Hazards and Human or Animal Subjects

  1. If the work involves chemicals, procedures or equipment that have any unusual hazards inherent in their use, the author must clearly identify these in the manuscript.
  2. If the work involves the use of animal or human subjects, the author should ensure that the manuscript contains a statement that all procedures were performed in compliance with relevant laws and institutional guidelines and that the appropriate institutional committee(s) have approved them. Authors should include a statement in the manuscript that informed consent was obtained for experimentation with human subjects. The privacy rights of human subjects must always be observed and the confidential of human participants’ data is considered the norm for the conduct of research, both institutions and individual participants. This could involve employing ‘fictionalising’ approaches when reporting, and where using such approaches researchers should fully explain how and why they have done so. However, in some circumstances individual participants, or their guardians or responsible others, may want to specifically and willingly waive their right to confidentiality and anonymity: researchers should recognise participants’ rights to be identified in any publication of their original works or other inputs if they so wish. This statement based on the ethical guidance of the privacy and data storage from BERA Ethical Guidelines for Educational Research (4th ed.).

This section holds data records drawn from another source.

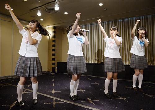 | △ 여성 아이돌 그룹 '제복향상위원회'가 28일 도쿄의 일본외국특파원협회에서 진행한 기자회견에서 공연하는 모습.(교도.연합뉴스) |
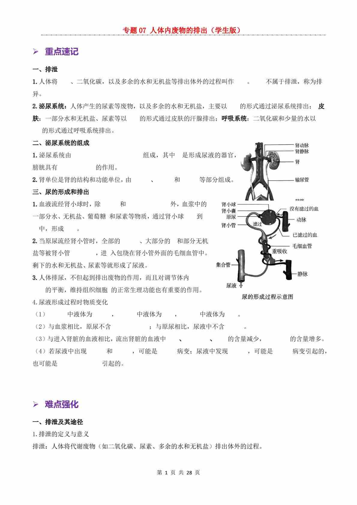 【复习讲义】专题07 人体内废物的排出
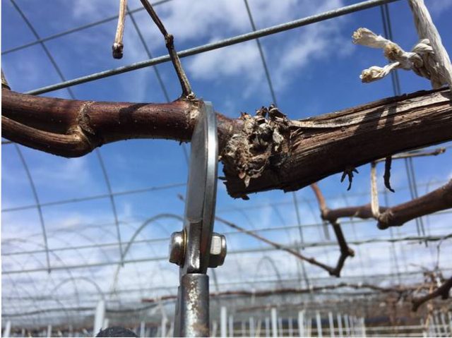 1つの芽座から2本の新梢を伸ばし、結果枝を確保する。
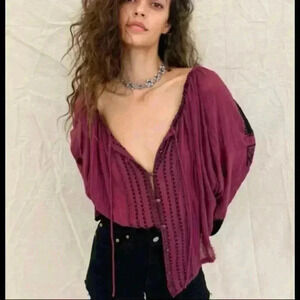 Stun in this so effortless and romantic blouse featured in a button-front silhouette with exaggerated sleeves and embroidery throughout for added dimension.

Disclosure and Conflicts of Interest

All authors should disclose in their manuscript any financial or other substantive conflict of interest that might be construed to influence the results or interpretation of their manuscript. All sources of financial support for the project should be disclosed, as should the role of the sponsor(s), if any, in study design; in the collection, analysis and interpretation of data; in the writing of the report; and in the decision to submit the article for publication. If the funding source(s) had no such involvement then this should be stated.

Fundamental errors in published works

When an author discovers a significant error or inaccuracy in his/her own published work, it is the author’s obligation to promptly notify the journal editor or publisher and cooperate with the editor to retract or correct the paper. If the editor or the publisher learn from a third party that a published work contains an error, it is the obligation of the author to cooperate with the editor, including providing evidence to the editor where requested.

 

Plagiarism

Authors should submit only original work that is not plagiarized and not has been published or being considered elsewhere. Turnitin or other software will be used by the editorial team to check for simmiliarities of submitted manuscript with existing literatures.